**MATERIAL PROVIDED**
━━━━━━

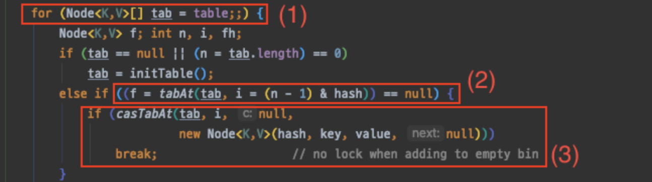 (3) 다시 Node 를 담고 있는 volatile 변수에 접근하여 Node 와 기대값(null) 을 비교하여(casTabAt 함수) 같으면 새로운 Node 를 생성해 넣고, 아니면 (1)번으로 돌아간다(재시도).
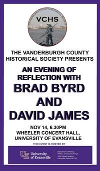 Evansville, Ind. (11/03/2025) — Two of Evansville's most respected voices in journalism, Brad Byrd and David James, will share stories and insights during An Evening of Reflection at the University of Evansville (UE) on Friday, November 14, at 6:30 p.m., in Wheeler Concert Hall.
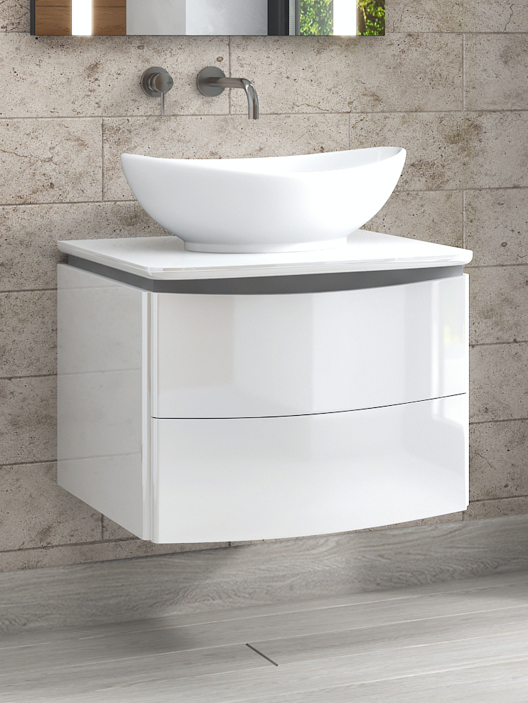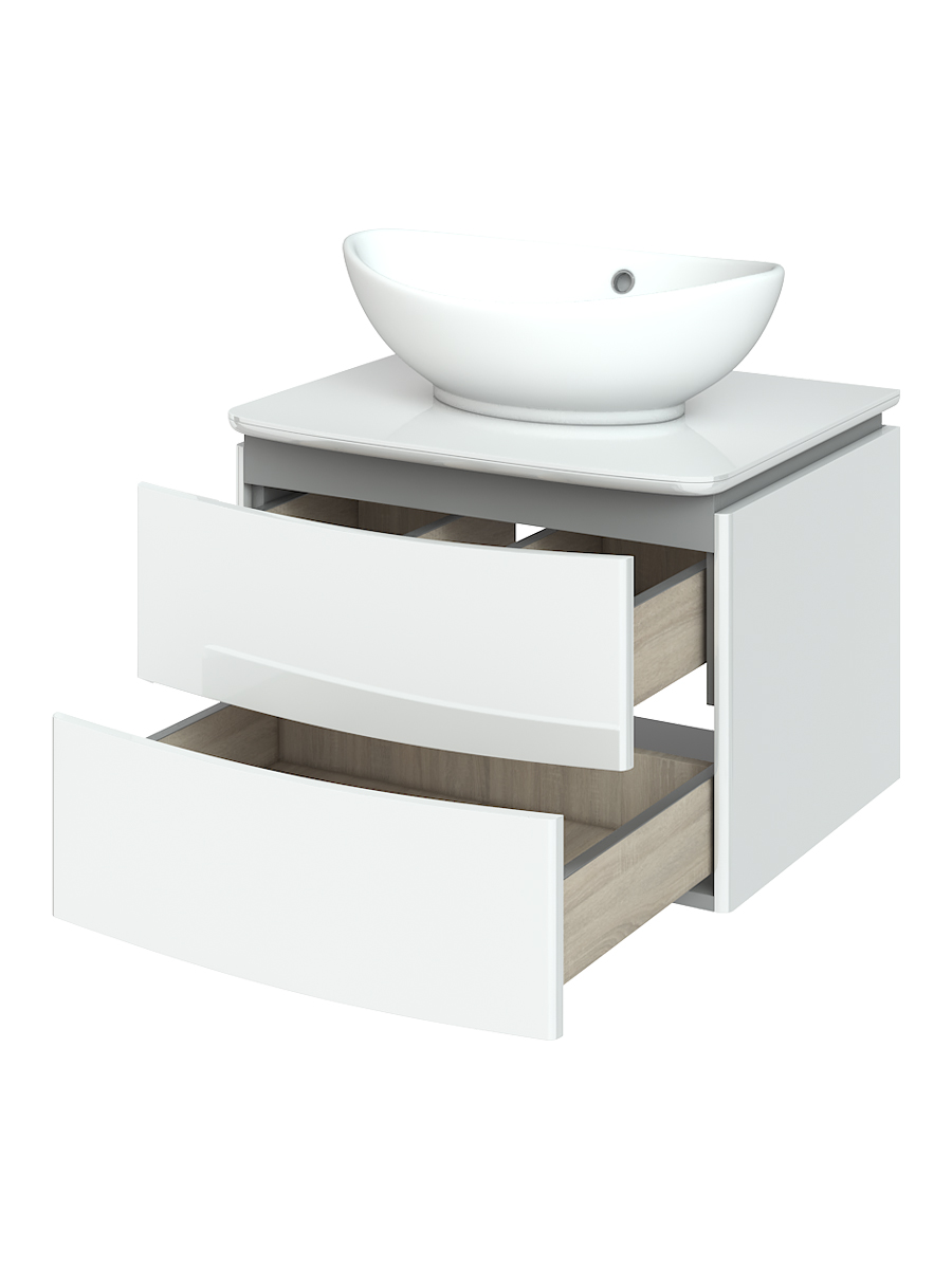 Подвесная тумба с 2 вместительныыми ящиками. Направляющие: скрытого монтажа, оснащены системой push-to-open

━━━━━━

**TASK STATEMENT**
An exact reproduction of the material is needed, without its images.

**RESPONSE TO THIS TASK**
 (3) 다시 Node 를 담고 있는 volatile 변수에 접근하여 Node 와 기대값(null) 을 비교하여(casTabAt 함수) 같으면 새로운 Node 를 생성해 넣고, 아니면 (1)번으로 돌아간다(재시도).
 Evansville, Ind. (11/03/2025) — Two of Evansville's most respected voices in journalism, Brad Byrd and David James, will share stories and insights during An Evening of Reflection at the University of Evansville (UE) on Friday, November 14, at 6:30 p.m., in Wheeler Concert Hall.
 Подвесная тумба с 2 вместительныыми ящиками. Направляющие: скрытого монтажа, оснащены системой push-to-open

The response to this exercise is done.